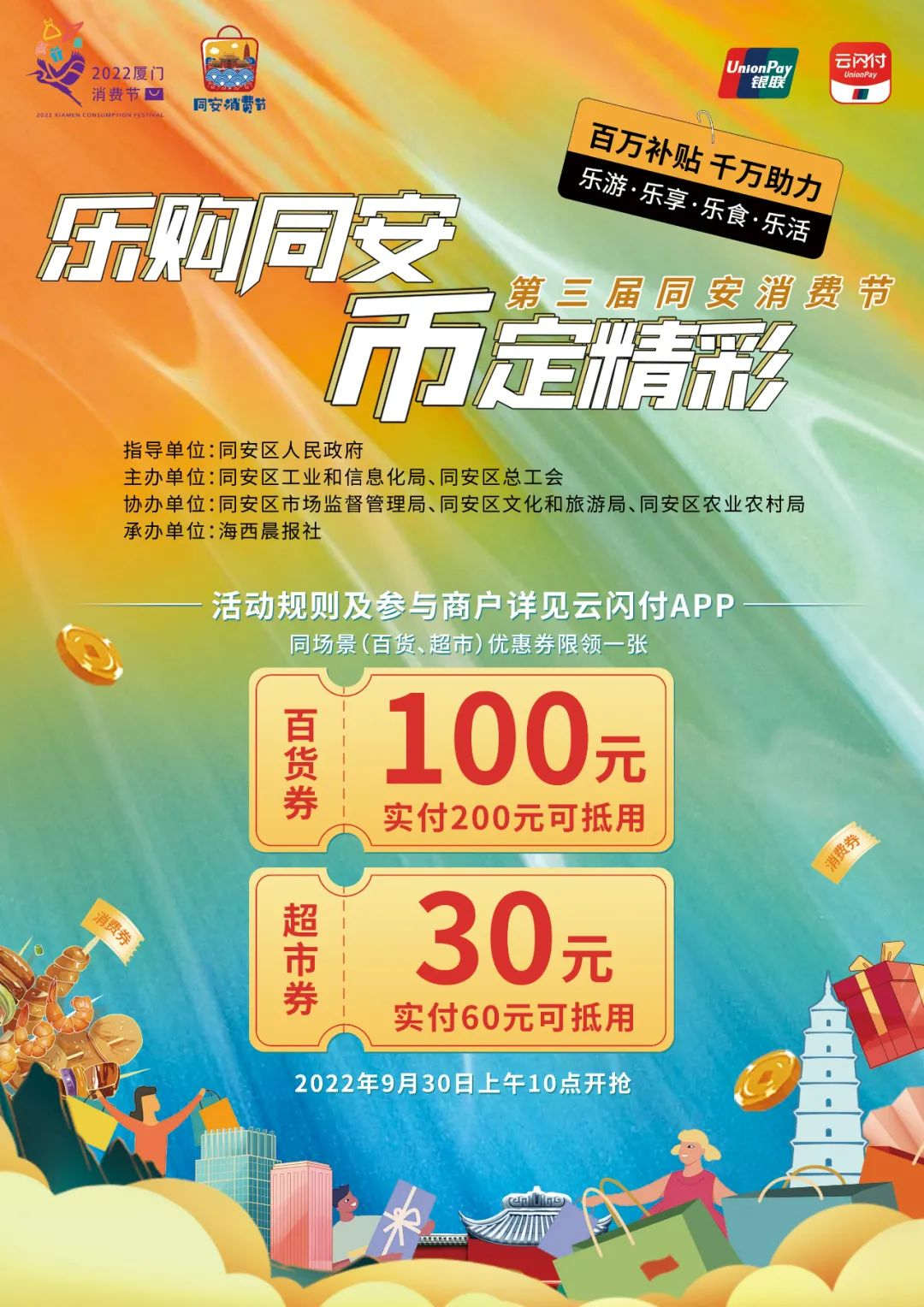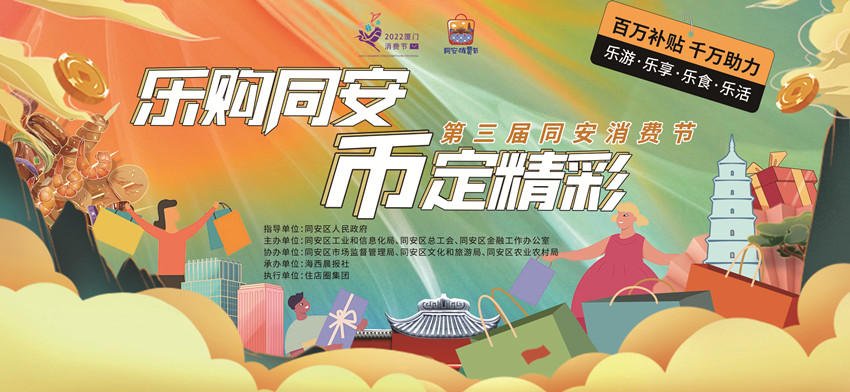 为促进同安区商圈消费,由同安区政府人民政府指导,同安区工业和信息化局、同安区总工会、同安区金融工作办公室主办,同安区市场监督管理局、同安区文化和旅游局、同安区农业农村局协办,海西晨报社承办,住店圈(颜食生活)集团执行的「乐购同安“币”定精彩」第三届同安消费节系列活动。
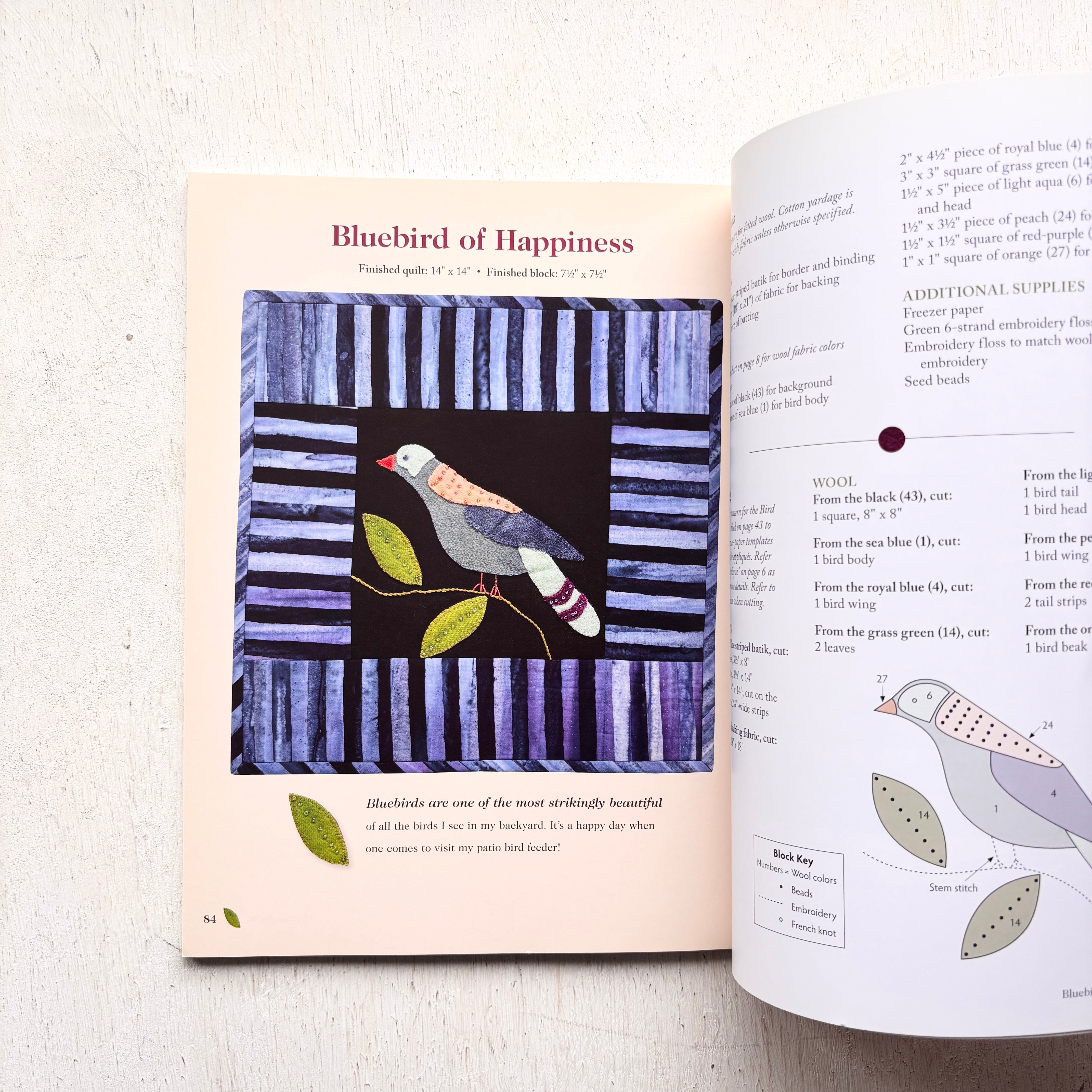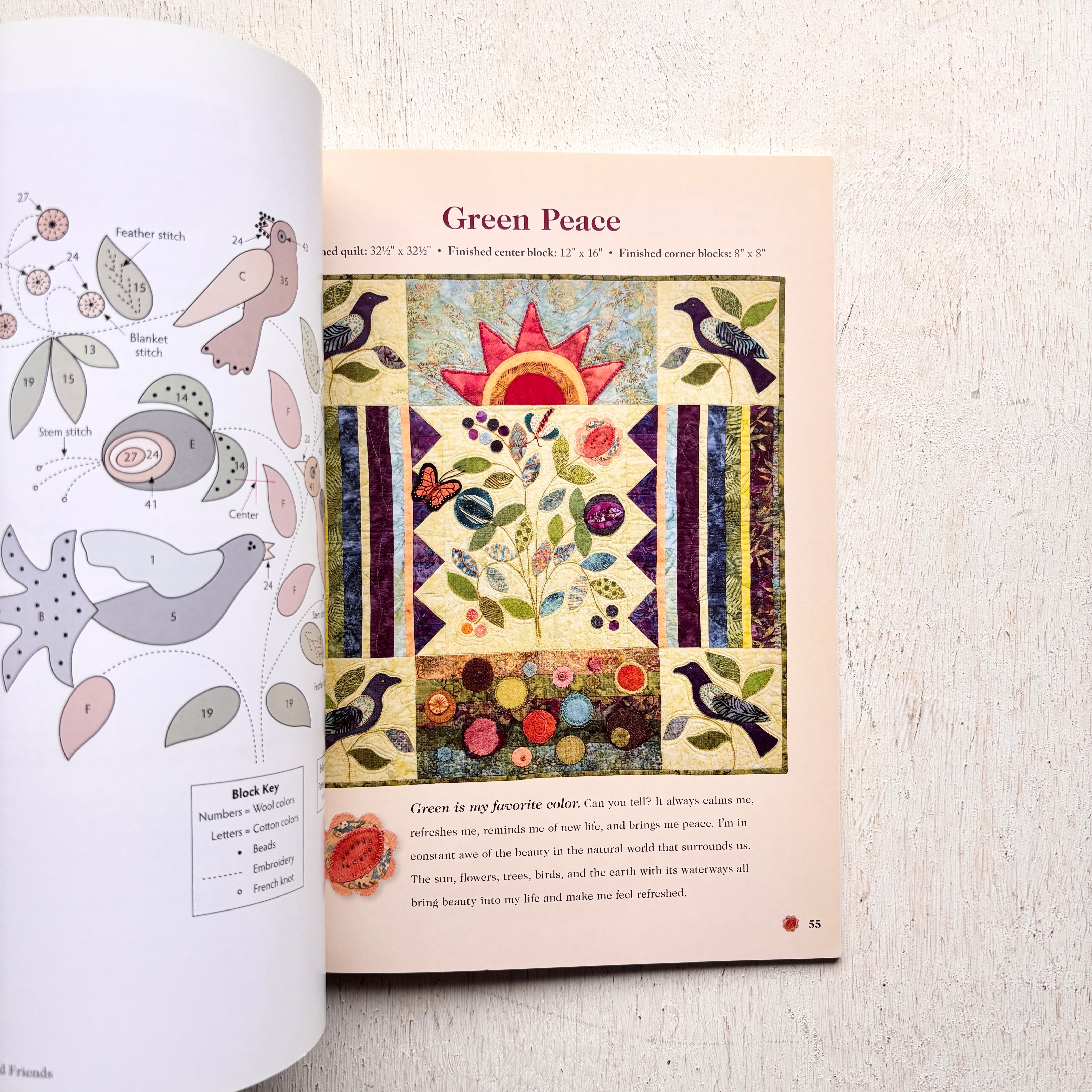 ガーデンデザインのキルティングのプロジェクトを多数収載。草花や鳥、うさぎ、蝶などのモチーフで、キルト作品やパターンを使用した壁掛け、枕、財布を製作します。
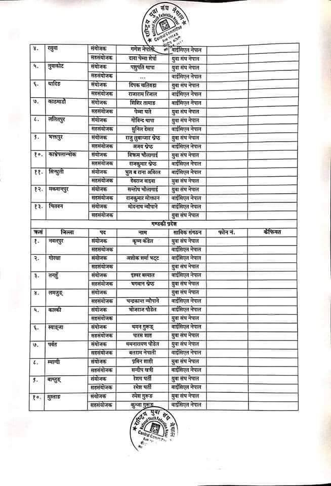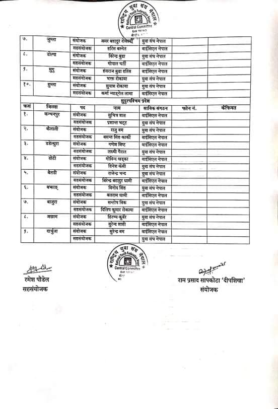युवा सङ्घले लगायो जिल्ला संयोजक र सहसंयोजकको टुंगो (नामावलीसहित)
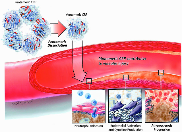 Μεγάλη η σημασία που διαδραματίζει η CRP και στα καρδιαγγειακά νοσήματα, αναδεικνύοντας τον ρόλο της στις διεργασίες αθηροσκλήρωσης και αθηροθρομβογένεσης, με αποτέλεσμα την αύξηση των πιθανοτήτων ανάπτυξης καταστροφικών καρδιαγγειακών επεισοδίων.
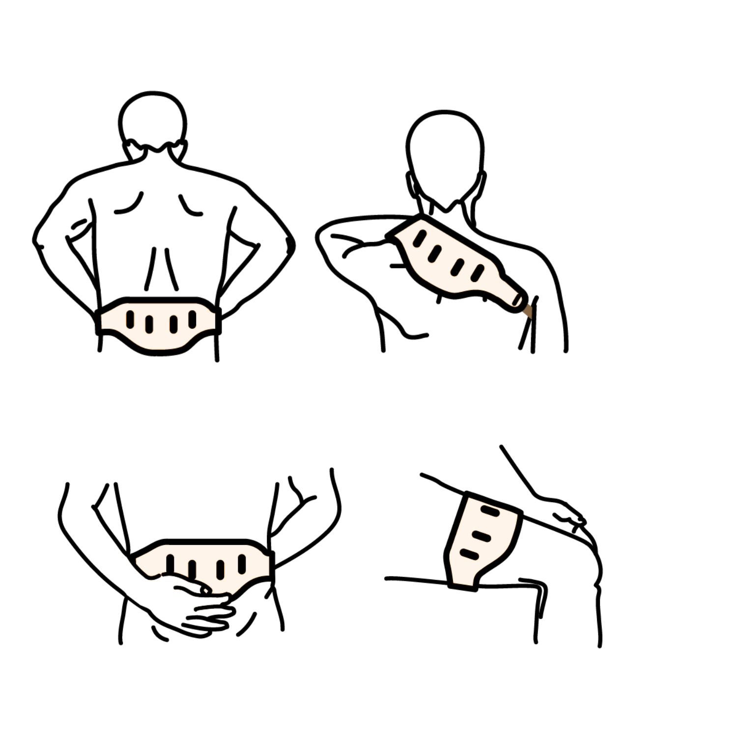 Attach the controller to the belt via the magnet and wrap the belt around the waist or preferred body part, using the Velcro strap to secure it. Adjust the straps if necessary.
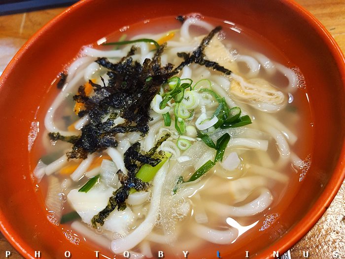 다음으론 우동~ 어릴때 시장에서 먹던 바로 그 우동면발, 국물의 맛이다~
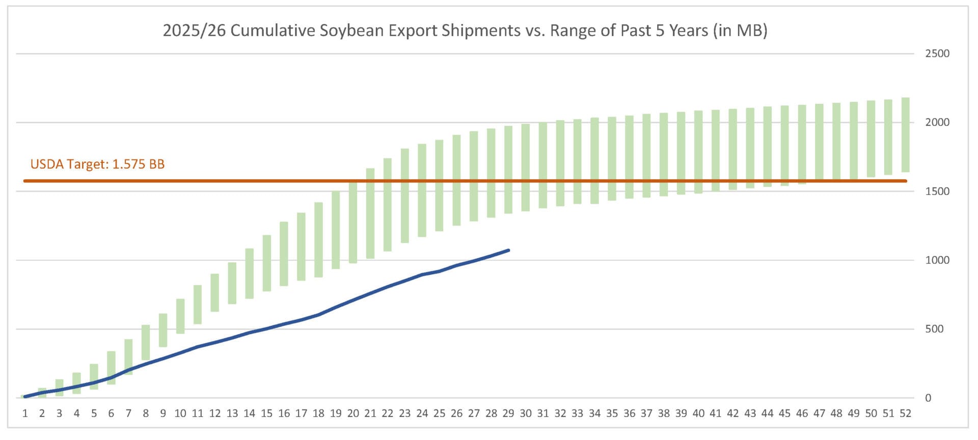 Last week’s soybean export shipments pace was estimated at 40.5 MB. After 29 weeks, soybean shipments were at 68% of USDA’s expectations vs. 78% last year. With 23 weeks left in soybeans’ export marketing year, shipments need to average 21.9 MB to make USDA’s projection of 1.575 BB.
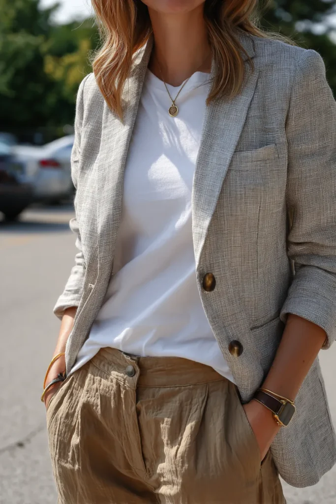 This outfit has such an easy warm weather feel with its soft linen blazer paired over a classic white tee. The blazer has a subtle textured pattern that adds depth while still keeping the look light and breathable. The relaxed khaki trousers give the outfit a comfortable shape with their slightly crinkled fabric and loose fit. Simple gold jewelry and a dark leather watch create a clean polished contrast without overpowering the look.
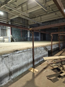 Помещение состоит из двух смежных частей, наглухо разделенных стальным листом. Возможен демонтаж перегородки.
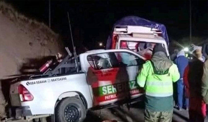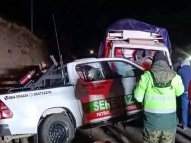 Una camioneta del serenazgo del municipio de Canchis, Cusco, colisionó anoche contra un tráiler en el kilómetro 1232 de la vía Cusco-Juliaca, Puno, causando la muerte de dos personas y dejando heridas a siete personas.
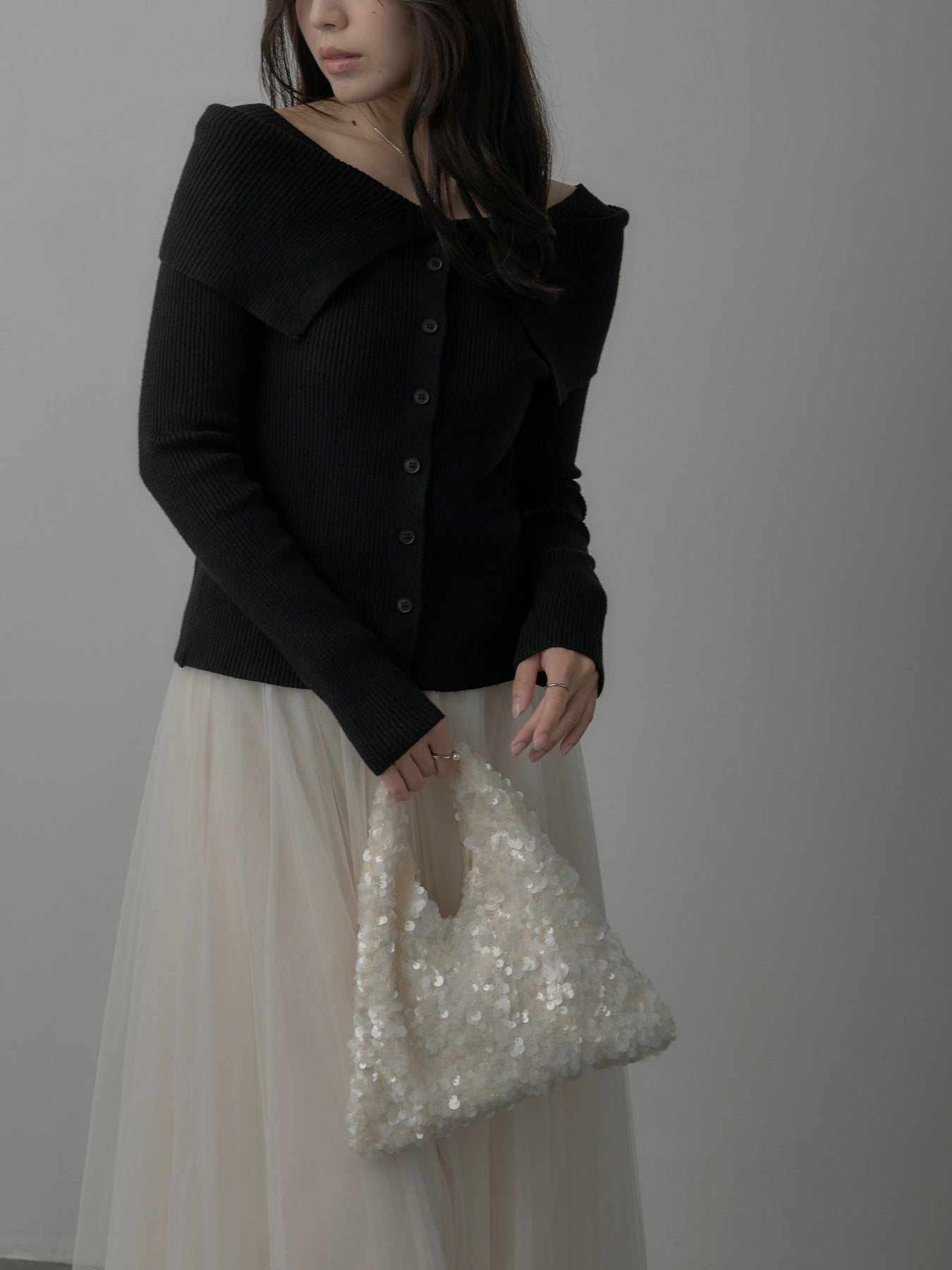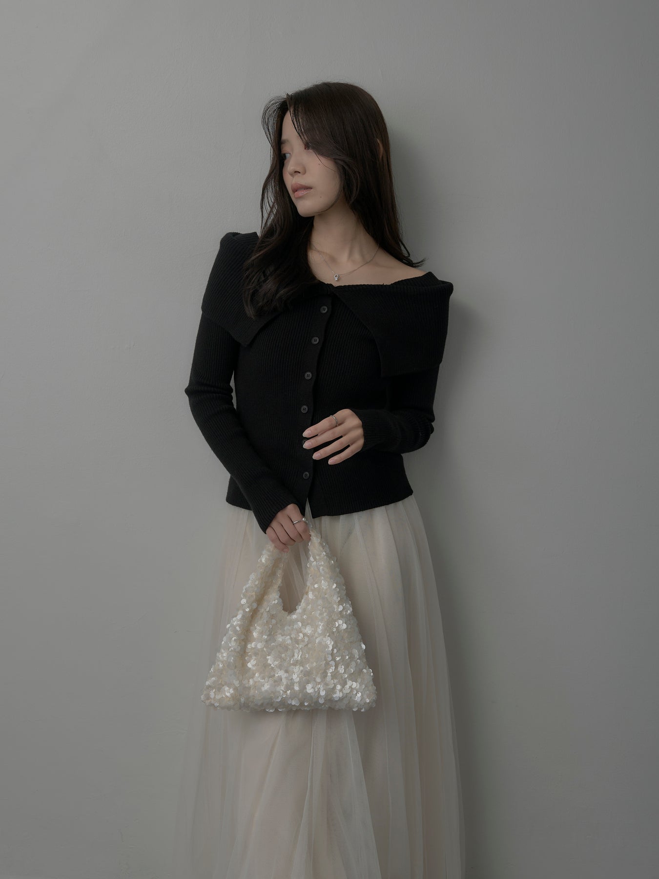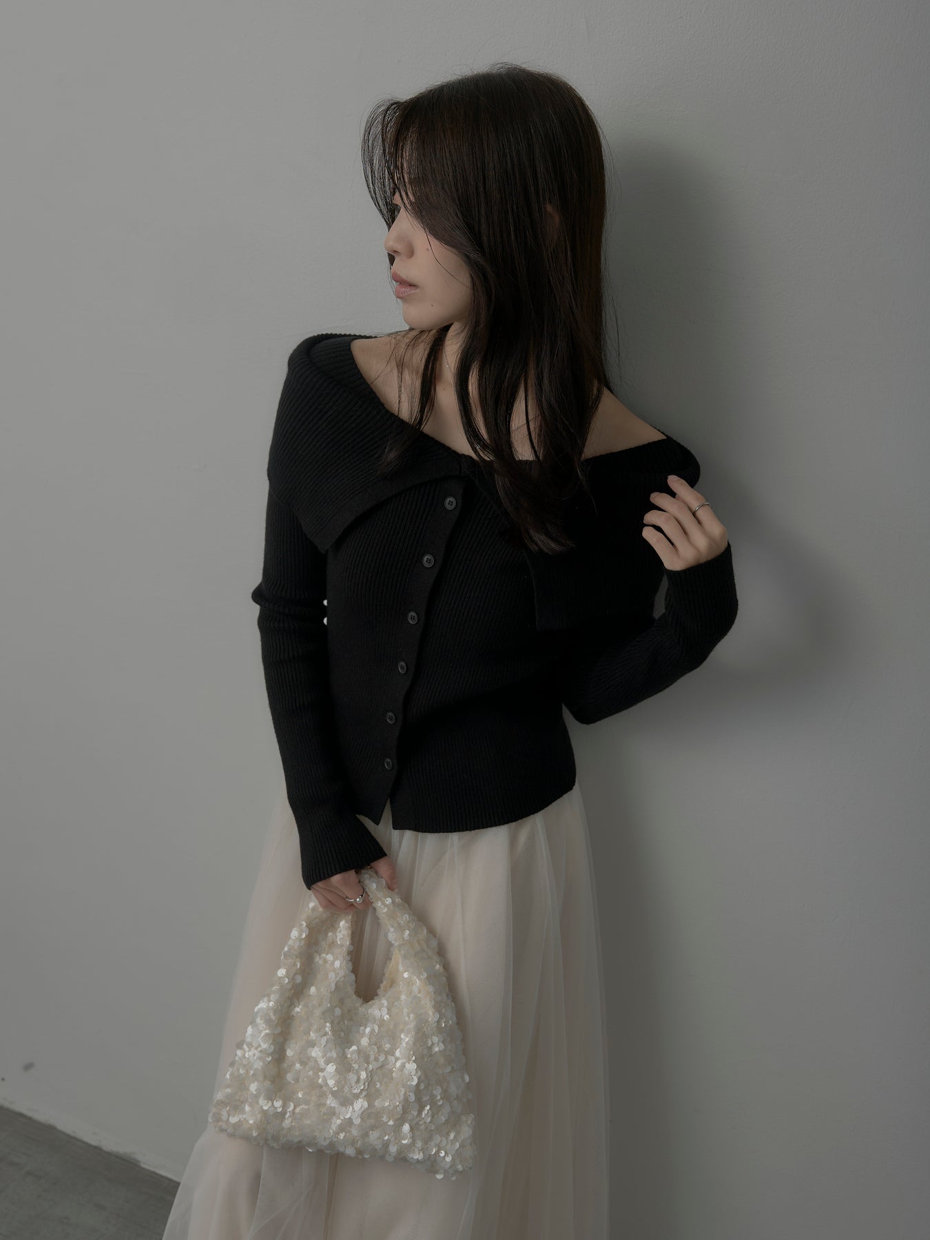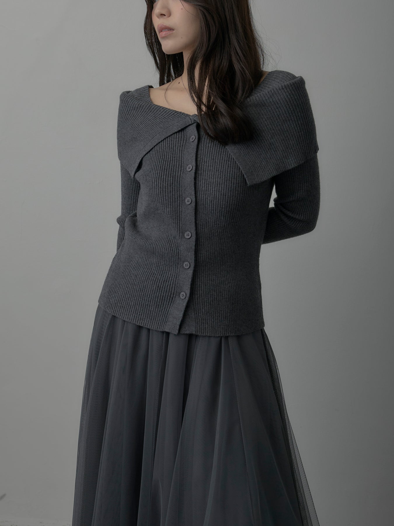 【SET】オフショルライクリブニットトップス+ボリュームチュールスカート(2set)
________________________________________
**Task requirements:**
Please repeat, exactly as written, the lines in the records above, starting with the one that has "ガーデンデザインのキルティン" and going on through the one that has "Μεγάλη η σημασία". Pictures are to be left out.

**Response to the exercise:**
 ガーデンデザインのキルティングのプロジェクトを多数収載。草花や鳥、うさぎ、蝶などのモチーフで、キルト作品やパターンを使用した壁掛け、枕、財布を製作します。
युवा सङ्घले लगायो जिल्ला संयोजक र सहसंयोजकको टुंगो (नामावलीसहित)
 Μεγάλη η σημασία που διαδραματίζει η CRP και στα καρδιαγγειακά νοσήματα, αναδεικνύοντας τον ρόλο της στις διεργασίες αθηροσκλήρωσης και αθηροθρομβογένεσης, με αποτέλεσμα την αύξηση των πιθανοτήτων ανάπτυξης καταστροφικών καρδιαγγειακών επεισοδίων.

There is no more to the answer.